We are part of that same story. The same Spirit who anointed Jesus to proclaim the year of the Lord’s favor, who descended at Pentecost, who sustained Dorcas’s hands in their sewing, who heard the earnest prayers of Acts 12 and sent an angel into a locked cell, who formed Whitefield and Wesley to preach and Newton to counsel and the Clapham community to practice and Wilberforce to persist—that same Spirit lives in us now, pressing this story forward through our lives and our labors.
Returning now to Kiara in her cave. At the end of Mufasa: The Lion King, after Rafiki has finished telling her the story of her grandfather—a story of fear overcome, of an orphaned cub who became the great king of the Pride Lands—something shifts in her. She had entered that cave trembling. But now she knows.
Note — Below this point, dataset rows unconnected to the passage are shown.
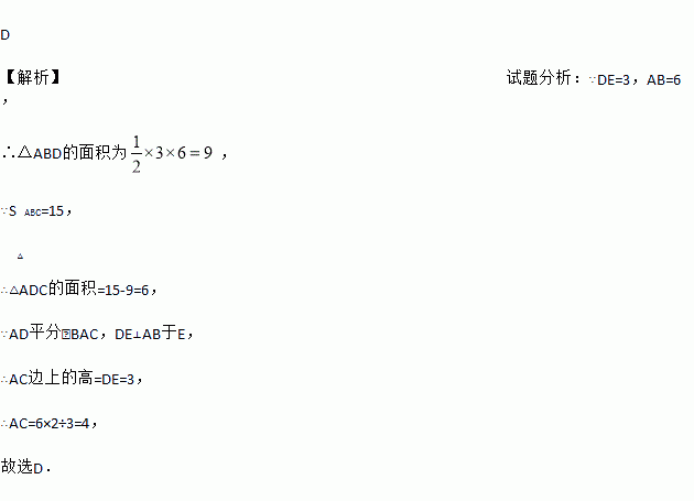 D 【解析】试题分析:∵DE=3,AB=6, ∴△ABD的面积为, ∵S△ABC=15, ∴△ADC的面积=15-9=6, ∵AD平分∠BAC,DE⊥AB于E, ∴AC边上的高=DE=3, ∴AC=6×2÷3=4, 故选D.
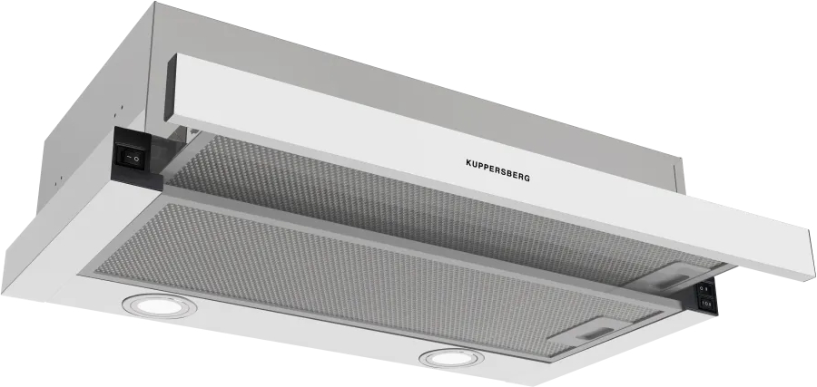 Встраиваемая вытяжка — выбор тех, кто хочет максимально задекорировать технику, или владельцев маленькой кухни. Тип встраивания: в шкаф. Обратите внимание на цветовые сочетания модели Kuppersberg SLIMDUAL 60 W, чтобы органично вписать ее в свою квартиру. Оттенок корпуса: белый. Благодаря лампочкам, которые расположены на нем, можно освещать плиту и столешницу рядом, чтобы готовить было еще проще и приятнее. Фишка этой техники — выдвижная панель.
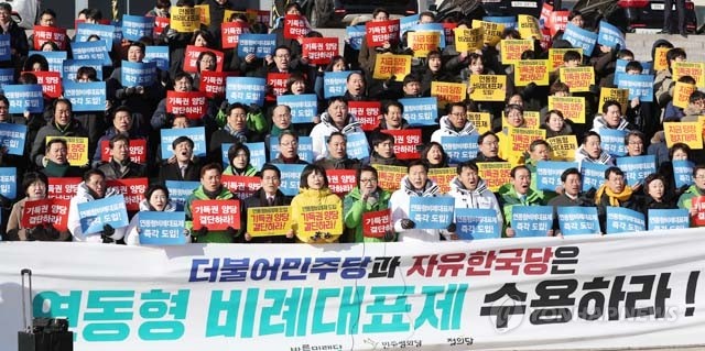 27일 오후 국회 본청 앞 계단에서 열린 바른미래당, 민주평화당, 정의당 등 야 3당 연동형 비례대표제 도입촉구 집회에서 민주평화당 정동영 대표와 참석자들이 기득권 양당을 규탄하며 연동형 비례대표제의 도입을 촉구하고 있다.

She knows whose granddaughter she is. She knows the story she belongs to. She climbs to the top of the rock, opens her mouth, and roars. Not out of pride or performance, but out of deep, settled conviction. The story has found and shaped her. She is no longer afraid to venture out into the world and rise to her calling as the queen appointed to restore and sustain the order of the Pride Lands.
Like the world Kiara faced, like the world the early church of Acts faced, like the world Wilberforce and his friends faced—our times are difficult. The fractures are real. The weight of what feels broken—in our institutions, our politics, our communities, our trust in one another—is not something to be minimized. But we are not without a story to stand in. We are rooted in the story of redemption, made possible by the resurrection of Jesus Christ, and that story is the truest and the most real thing in the world. Because it is true and real, we too can confidently step into the story—proclaiming the risen Christ in the spheres where we live and work, practicing the renewal of God’s Jubilee in the particular vocations we have been given, and praying together with the earnest, expectant faith of people who long for the Kingdom of God to make all things right again.